◆ Exercise requirements ◆
Exclude the pictures and retype the entries as written.

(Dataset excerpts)

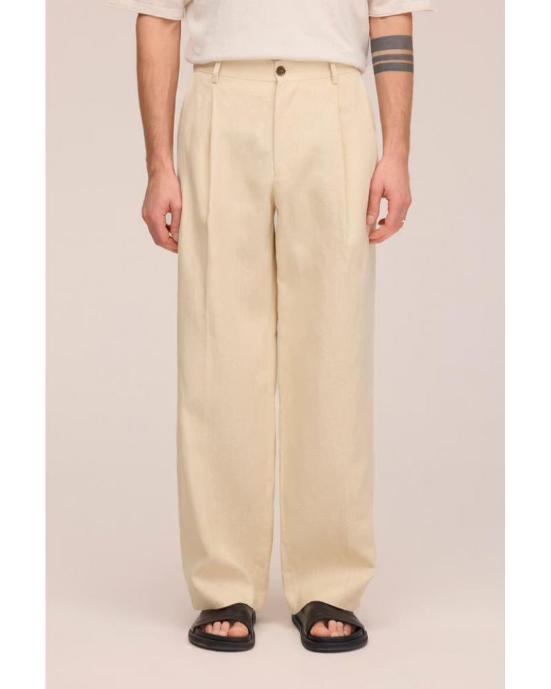 Blazer croisé à la coupe décontractée, confectionné en lin européen haut de gamme au toucher naturellement fluide. Il présente des poches plaquées classiques et un col inversé. Sa construction robuste préserve le drapé naturel du tissu tout en garantissant sa durabilité.
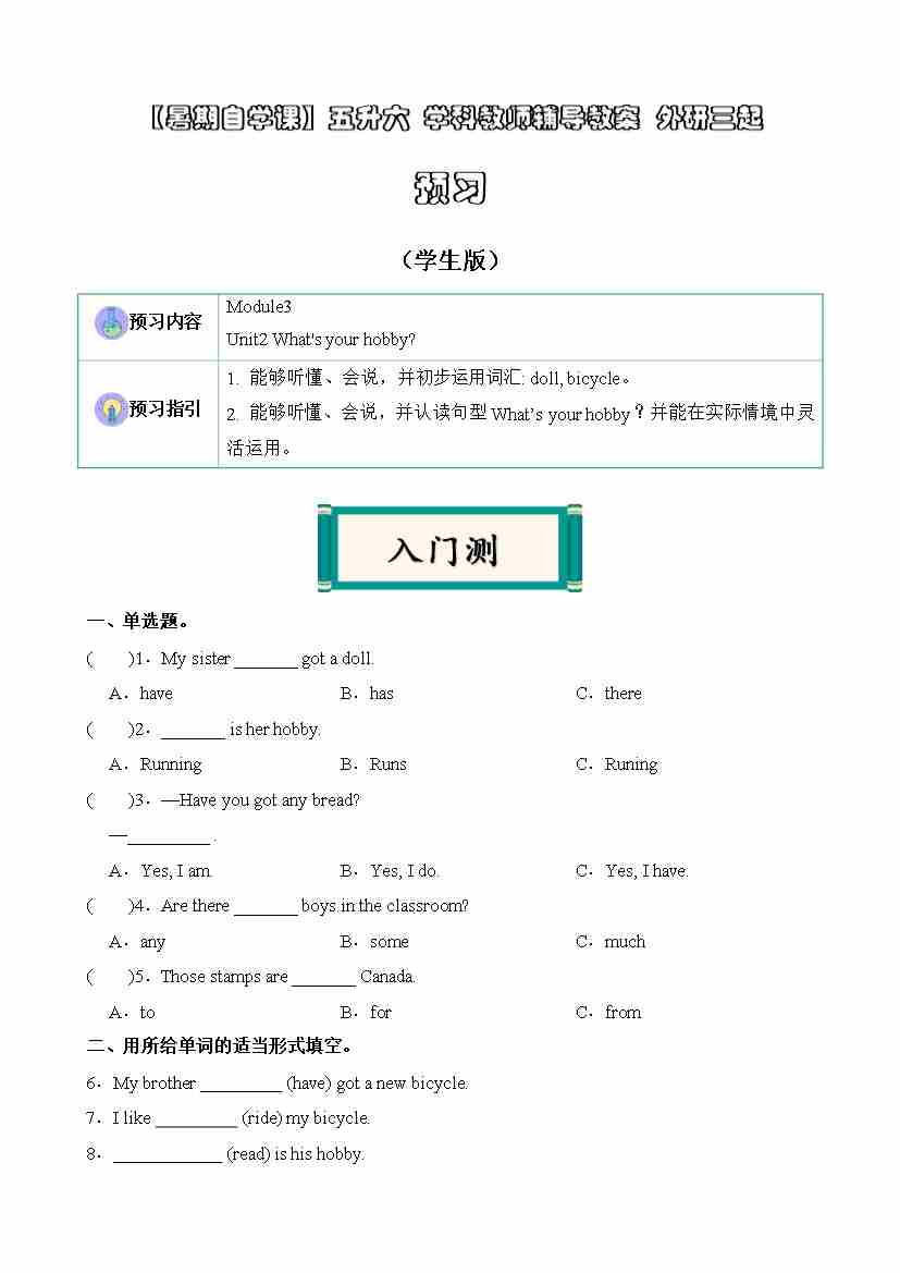 【暑假讲义】五升六课本预习 第18讲:Module5U2预习(外研版三起)(教师版)
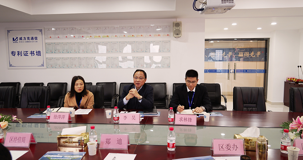 公司董事长李昊接待并陪同调研。座谈会上,李昊董事长向郑常委等领导详细汇报了威力克通信的发展经营情况,介绍了公司在产品开发、技术创新、行业聚焦、市场开拓的进展,并且对公司未来5G通信产业的发展规划做了汇报。
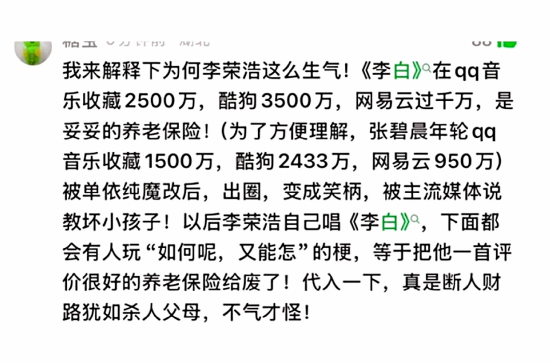 很多理智网友看得很透彻。有人解释了李荣浩为什么这么生气:因为《李白》是他的“养老保险”啊!
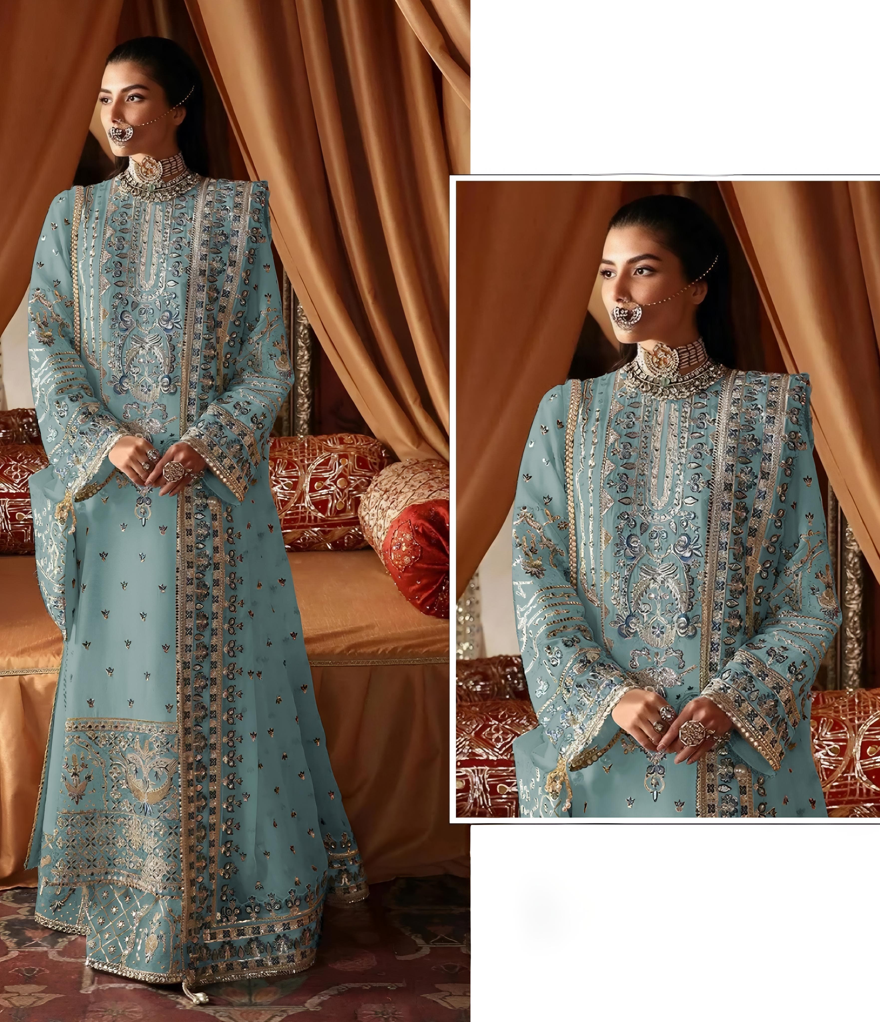 Elevate your festive wardrobe with Zeenat Sheen, a beautifully embellished suit set in Heavy Fox Georgette. Intricate sequin embroidery and fine lace accents make this a timeless choice for special occasions.
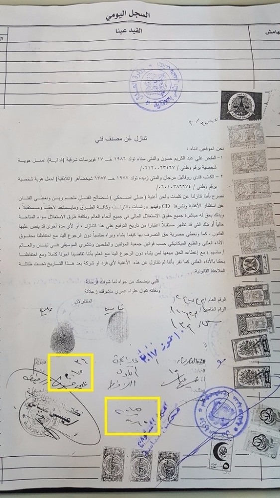 ٢- تجدون مع البيان صور تنازلات علي حسون عن اغنية "ضلي ضحكي" والتي توضح تاريخ التنازل حيث سحب في يوم أمس في العاشر من الشهر الحالي صورة طبق الأصل عن التنازل، وسوف تقوم شركة "بلاتينوم ريكوردز" المنتجة لألبوم ملحم زين "الجرح اللي بعده" بإرسال اوراق التنازل.
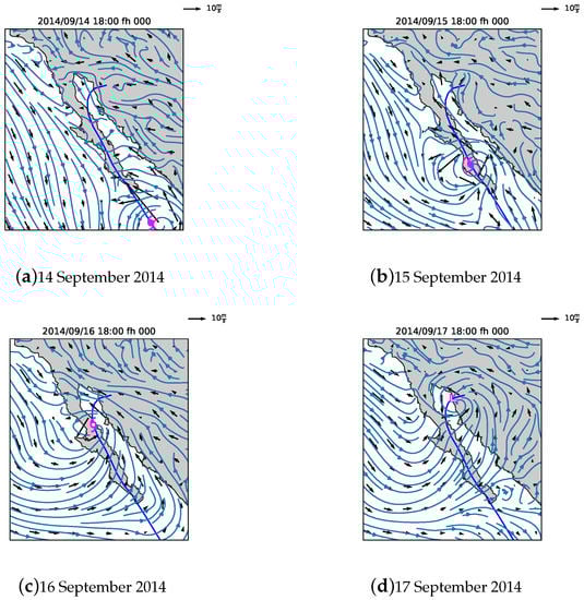 The wind and surface pressure data was taken from the North American Mesoscale model (NAM) with 12 km resolution. Hourly forecasts from the four daily forecast runs at UTC 00:00, 6:00, 12:00, and 18:00 were used, except for the 13 September and UTC 07:00–11:00 19 August, where the NAM data is not available. This gap was filled with data from the North American Regional Reanalysis (NARR) at three hourly temporal resolution. Representative wind fields for four dates are shown in Figure 2. Also shown is the trajectory of hurricane Odile and its current location. The reversal of the wind direction, when compared to the climatology—presented next—can be observed. The wind speeds are also significantly higher, as expected.
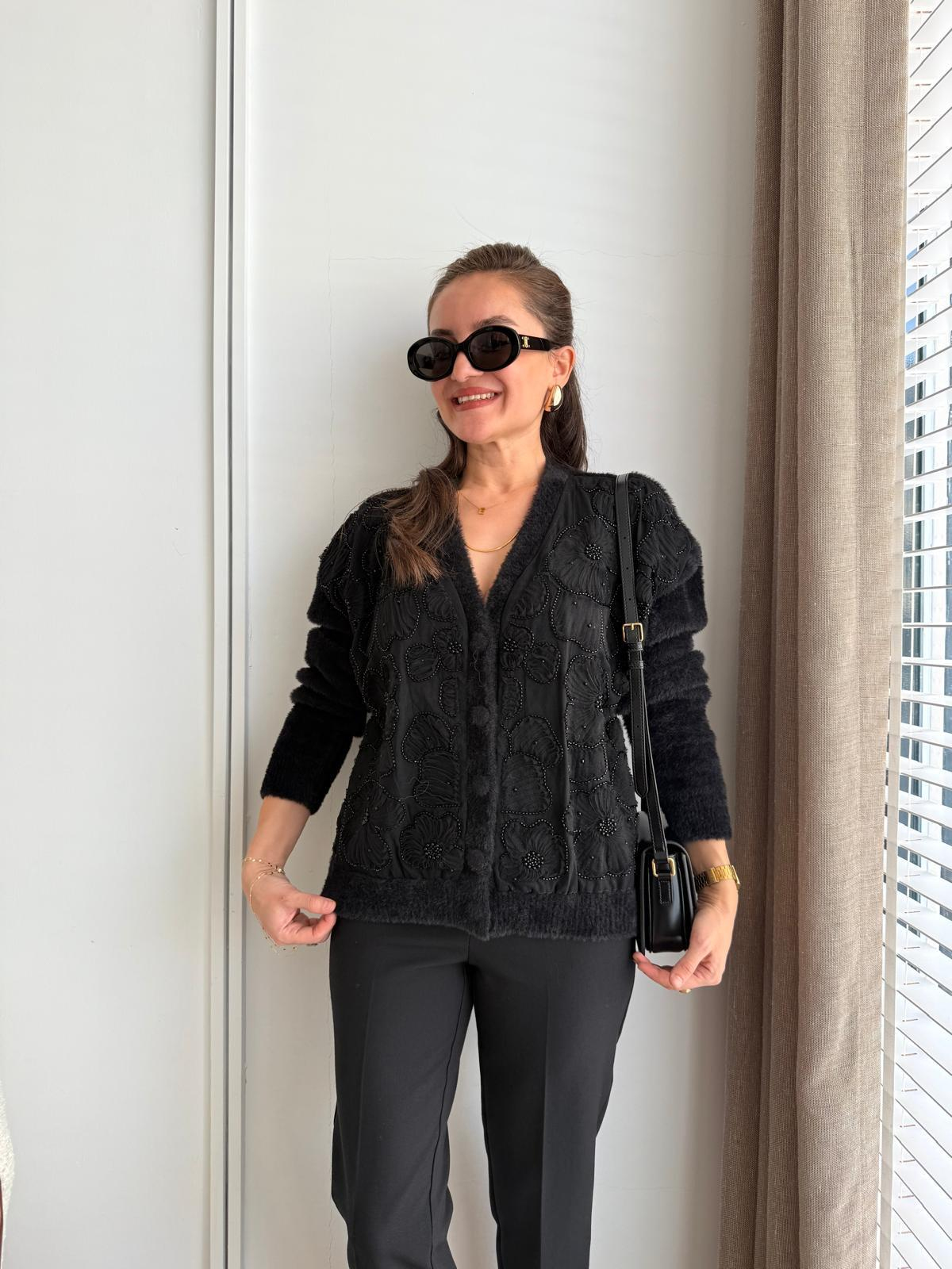 Siyah V Yaka Kabartma Çiçek Detaylı Hırka 70448
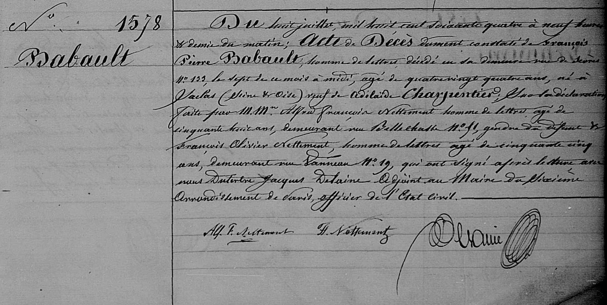 - Acte de décès à Paris (1864)
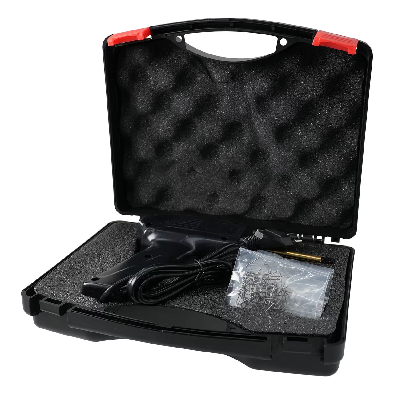 G.I.KRAFT CBRM70AC — це універсальний комплект для швидкого та надійного ремонту пластикових деталей кузова, бамперів, кріплень, панелей тощо. Оснащений зручним паяльником потужністю 70 Вт, набір дозволяє ефективно з'єднувати або зміцнювати пошкоджені пластикові елементи за допомогою спеціальних металевих скоб.

◆ Solution to the problem ◆
 Blazer croisé à la coupe décontractée, confectionné en lin européen haut de gamme au toucher naturellement fluide. Il présente des poches plaquées classiques et un col inversé. Sa construction robuste préserve le drapé naturel du tissu tout en garantissant sa durabilité.
 【暑假讲义】五升六课本预习 第18讲:Module5U2预习(外研版三起)(教师版)
 公司董事长李昊接待并陪同调研。座谈会上,李昊董事长向郑常委等领导详细汇报了威力克通信的发展经营情况,介绍了公司在产品开发、技术创新、行业聚焦、市场开拓的进展,并且对公司未来5G通信产业的发展规划做了汇报。
 很多理智网友看得很透彻。有人解释了李荣浩为什么这么生气:因为《李白》是他的“养老保险”啊!
 Elevate your festive wardrobe with Zeenat Sheen, a beautifully embellished suit set in Heavy Fox Georgette. Intricate sequin embroidery and fine lace accents make this a timeless choice for special occasions.
 ٢- تجدون مع البيان صور تنازلات علي حسون عن اغنية "ضلي ضحكي" والتي توضح تاريخ التنازل حيث سحب في يوم أمس في العاشر من الشهر الحالي صورة طبق الأصل عن التنازل، وسوف تقوم شركة "بلاتينوم ريكوردز" المنتجة لألبوم ملحم زين "الجرح اللي بعده" بإرسال اوراق التنازل.
 The wind and surface pressure data was taken from the North American Mesoscale model (NAM) with 12 km resolution. Hourly forecasts from the four daily forecast runs at UTC 00:00, 6:00, 12:00, and 18:00 were used, except for the 13 September and UTC 07:00–11:00 19 August, where the NAM data is not available. This gap was filled with data from the North American Regional Reanalysis (NARR) at three hourly temporal resolution. Representative wind fields for four dates are shown in Figure 2. Also shown is the trajectory of hurricane Odile and its current location. The reversal of the wind direction, when compared to the climatology—presented next—can be observed. The wind speeds are also significantly higher, as expected.
 Siyah V Yaka Kabartma Çiçek Detaylı Hırka 70448
 - Acte de décès à Paris (1864)
 G.I.KRAFT CBRM70AC — це універсальний комплект для швидкого та надійного ремонту пластикових деталей кузова, бамперів, кріплень, панелей тощо. Оснащений зручним паяльником потужністю 70 Вт, набір дозволяє ефективно з'єднувати або зміцнювати пошкоджені пластикові елементи за допомогою спеціальних металевих скоб.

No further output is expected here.